I preferred the fictional prose-worlds Saarinen to the poetic pieces, perhaps because they drew me in better, neater, more thoroughly cutting off vectors of escape, perhaps? The story that stood out to me because it had the most human resonances was “Divide et Impera.” A young woman tires of people in social situations telling her “You look lost,” and the encounters that follow as people try to direct her to be found. “Sometimes the right to remain lost is only given after lengthy negotiations,” she narrates. It’s a mercy when people at parties allow her that freedom and that oblivion. She picks up a guy and, in an acute psychological observation says she “won’t look at his face, because only his stranger-ness can kill the familiarity of my dread.” Sex with the partner with whom she is “looking for a fight,” a rushed job interview and doctor’s appointment. The change of settings is jarring, unannounced, and suggests a distracted mind suspended in a numb gel of depersonalization, an object on a conveyor belt passing from personal situation to personal situation. Lydia (we’re told her name) in conversations with other people seems to level with them, herself, and the reader more than anywhere else in the book. She drinks vodka with a friend by a river and betrays some emotion:
“Can you tell me,” I say, and the earnestness of my tone makes me cringe despite the alcohol, “what is the difference between dissociation and enlightenment?”

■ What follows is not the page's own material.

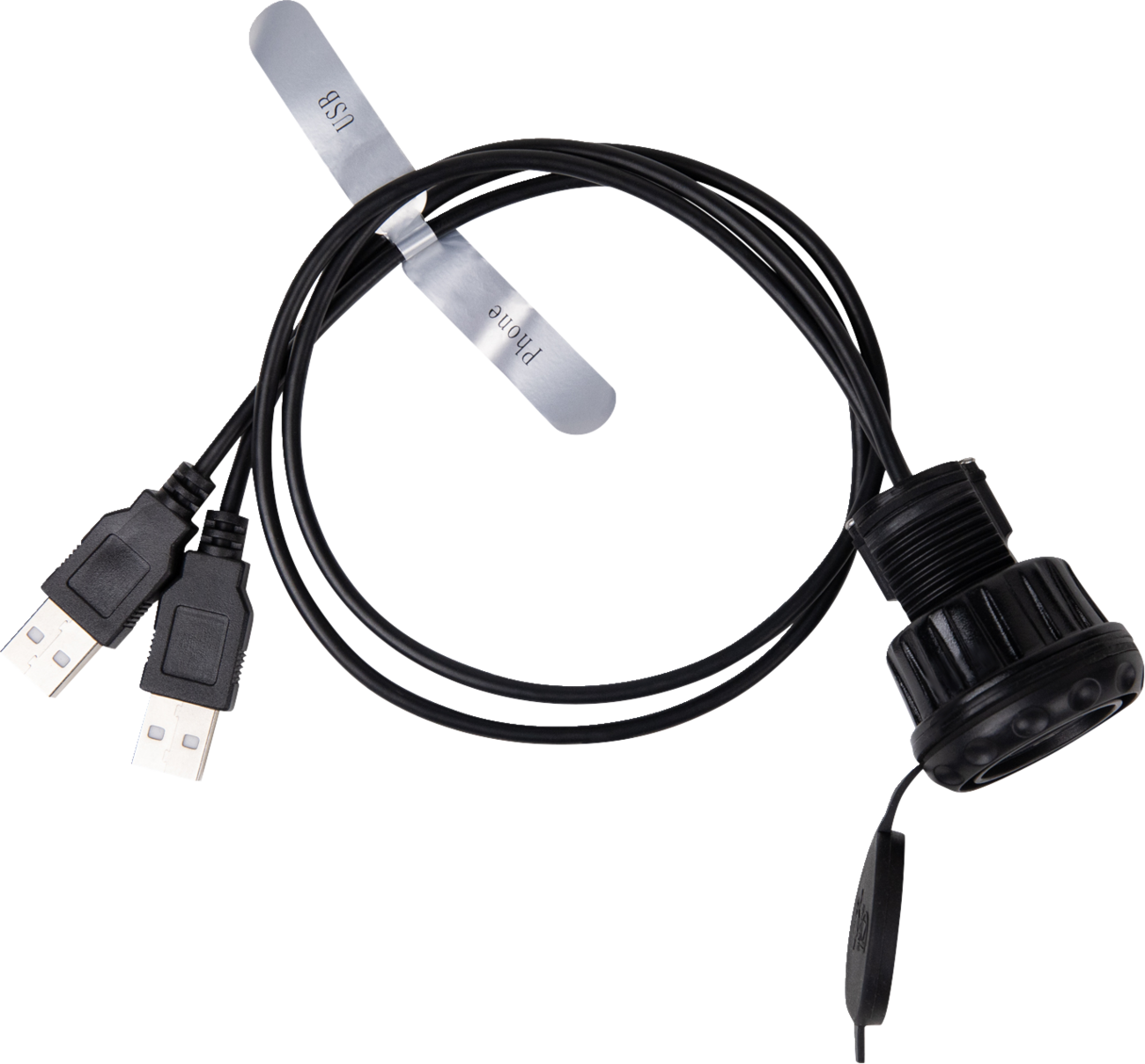 AUX input connection panel and installation hardware: Carling style accessory plug for 3.5 mm, USB-A, USB-C connections and all the needed installation hardware

Her friend after some thinking answers that “transcendence is divine, going beyond your usual self — leaving it behind for something better. A state of enlightenment. Dissociation is its twisted mirror, preventing you from knowing and developing yourself.”
Lydia right away gives the kind of kicker thesis for the whole book:
“Okay,” I say. “But it feels like enlightenment, sometimes. It feels like I’m touching something that I’m not allowed to — something vast and forbidden. It’s just beneath the surface. I get so close to understanding.”
It is in some ways too early to say — or there aren’t enough data points to chart a larger arc — but there seems to be a kind of newer movement (at least in the books I have read lately) of women writers touching on this enlightenment in dissociation in fiction and poetry. The experiences of women seems to bear this frightening quality of frankness and a vast, aestheticized inner emptiness that could be peculiar to individuals — or it could be something bigger, some shared cultural psychology that women writers use as a kind of baton passed off in a relay race to other women writers. Writing is for anyone who picks up a book and reads, and this book spoke to me in many ways, but like Elle Nash’s Nudes, or Elizabeth Aldrich’s Ruthless Little Things, I had the feeling that I was eavesdropping on black magic incantations shared between members of a sisterhood at the end of time, handing out to each other shards of mirror reflecting supreme pain and emptiness that I was, perhaps fittingly, excluded from. Writers are, again, equal in their individuality, but one gets the feeling that this prickly, forbidding atmosphere could only be broadcast from a female radio station at three in the morning.
Many more tacks and patterns of serration are found in the book than I have remarked upon, although they have all pricked my fingers; for example, the obsessional, lyrical motif of blood used as paint returns again and again like the refrain of an unsettling but hypnotic song. I would say that maybe the healing after a stab wound is the crucial part of the experience of the book, but I can’t be certain of that, or any of Saarinen’s bigger design until I return to drag my pupils against her next, more developed “sharpbox.”